• **TASK DESCRIPTION**
All of the data should be output character for character, except the pictures.
══ INPUT MATERIAL
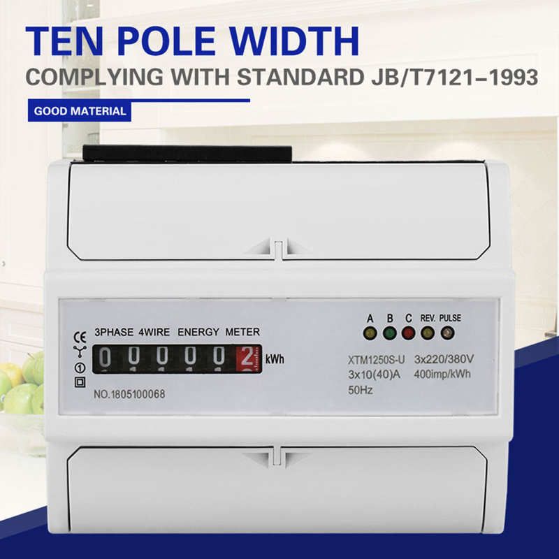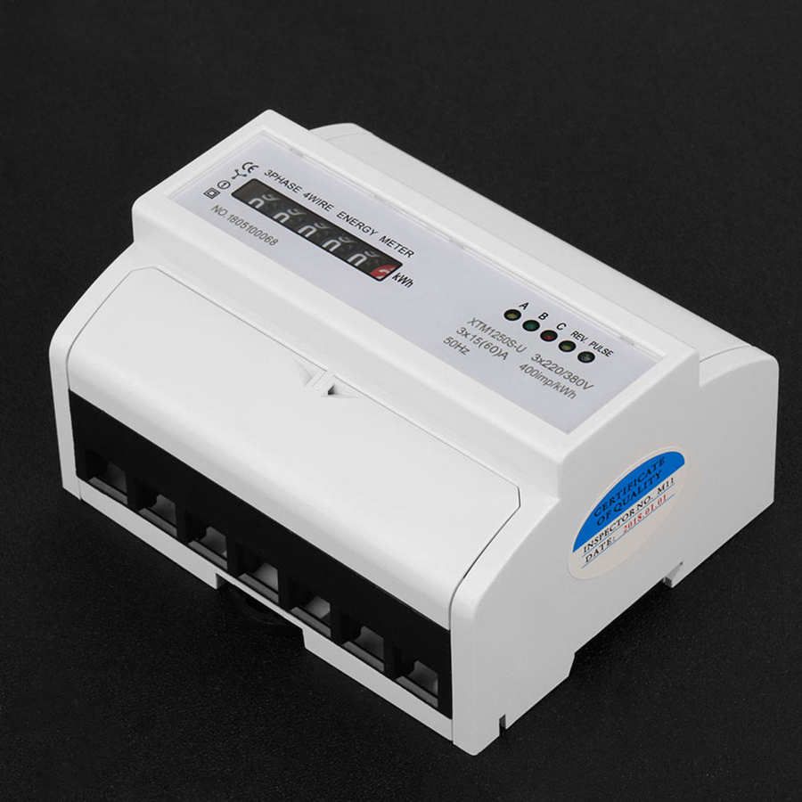 1X 220V/380V Digital 3-phase 4 Wire Energy Meter Home Digital Electrical 7P DIN-Rail Consumption Meter Electric Power KWh Meter
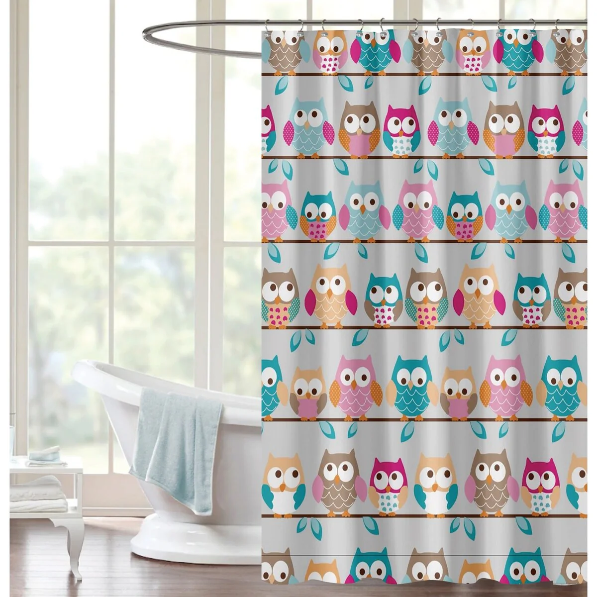 Add a fun and vibrant touch to your bathroom with the Novelty Shower Curtain Collection. This collection features 12 unique patterns, including Daisies, Fish, Flowers, Mushrooms, Marble, Owl Stripes, and more, ensuring there's a design to match any décor style. Transform your bathroom with the Novelty Shower Curtain Collection, combining playful designs with practical features for a delightful shower experience.
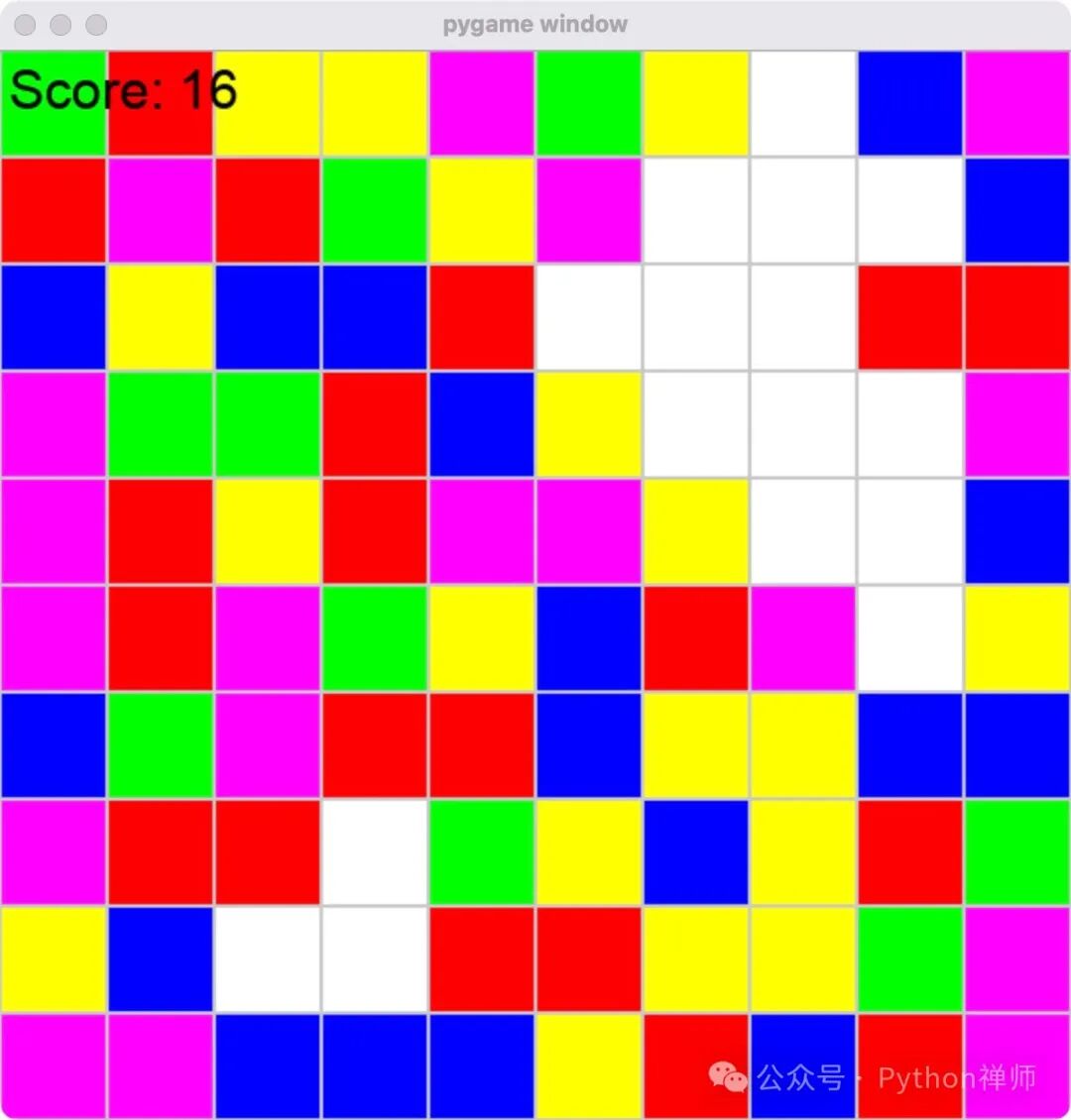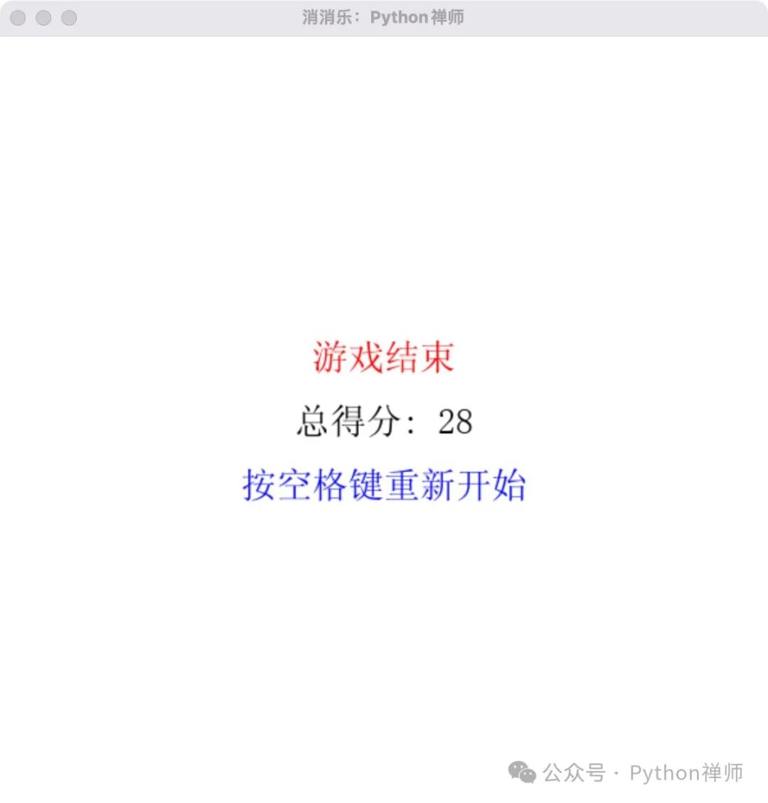 至此,一款符合期望的 Python 消消乐游戏就完成了~
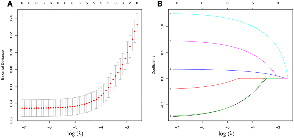 A total of 1812 in 15124 cases of training date set had positive cervical regional lymph nodes (12%). All the variables were found to be significantly correlated with cervical regional lymph nodes involvement via univariate analysis (Table 2) including age, race, sex, extension, multifocality, tumor size. To avoid the influence of confounding factors, we performed a LASSO regression analysis to re-evaluate the variables. Finally, we retained 6 variables with nonzero coefficients (Figure 1) as potential predictors of the prediction model. These predictors included age, race, sex, extension, multifocality, tumor size.
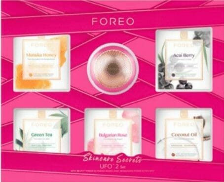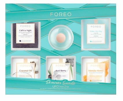 În plus, setul include și un tratament complex al pielii UFO 2 mini  de 2 minute cu termoterapie, pulsație T-Sonic și terapie cu lumină LED, împreună cu o mască de față de netezire Farm to Face Acai Berry, care netezește ridurile și liniile mai adânci în doar 90 de secunde.
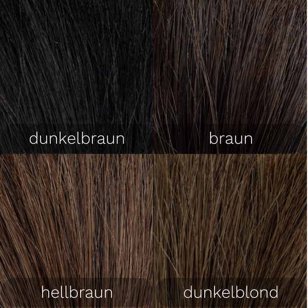 Im vorletzten Bild siehst du unsere vier dunkelsten Haarfarben nebeneinander.
════
• **EXERCISE OUTPUT**
 1X 220V/380V Digital 3-phase 4 Wire Energy Meter Home Digital Electrical 7P DIN-Rail Consumption Meter Electric Power KWh Meter
 Add a fun and vibrant touch to your bathroom with the Novelty Shower Curtain Collection. This collection features 12 unique patterns, including Daisies, Fish, Flowers, Mushrooms, Marble, Owl Stripes, and more, ensuring there's a design to match any décor style. Transform your bathroom with the Novelty Shower Curtain Collection, combining playful designs with practical features for a delightful shower experience.
 至此,一款符合期望的 Python 消消乐游戏就完成了~
 A total of 1812 in 15124 cases of training date set had positive cervical regional lymph nodes (12%). All the variables were found to be significantly correlated with cervical regional lymph nodes involvement via univariate analysis (Table 2) including age, race, sex, extension, multifocality, tumor size. To avoid the influence of confounding factors, we performed a LASSO regression analysis to re-evaluate the variables. Finally, we retained 6 variables with nonzero coefficients (Figure 1) as potential predictors of the prediction model. These predictors included age, race, sex, extension, multifocality, tumor size.
 În plus, setul include și un tratament complex al pielii UFO 2 mini  de 2 minute cu termoterapie, pulsație T-Sonic și terapie cu lumină LED, împreună cu o mască de față de netezire Farm to Face Acai Berry, care netezește ridurile și liniile mai adânci în doar 90 de secunde.
 Im vorletzten Bild siehst du unsere vier dunkelsten Haarfarben nebeneinander.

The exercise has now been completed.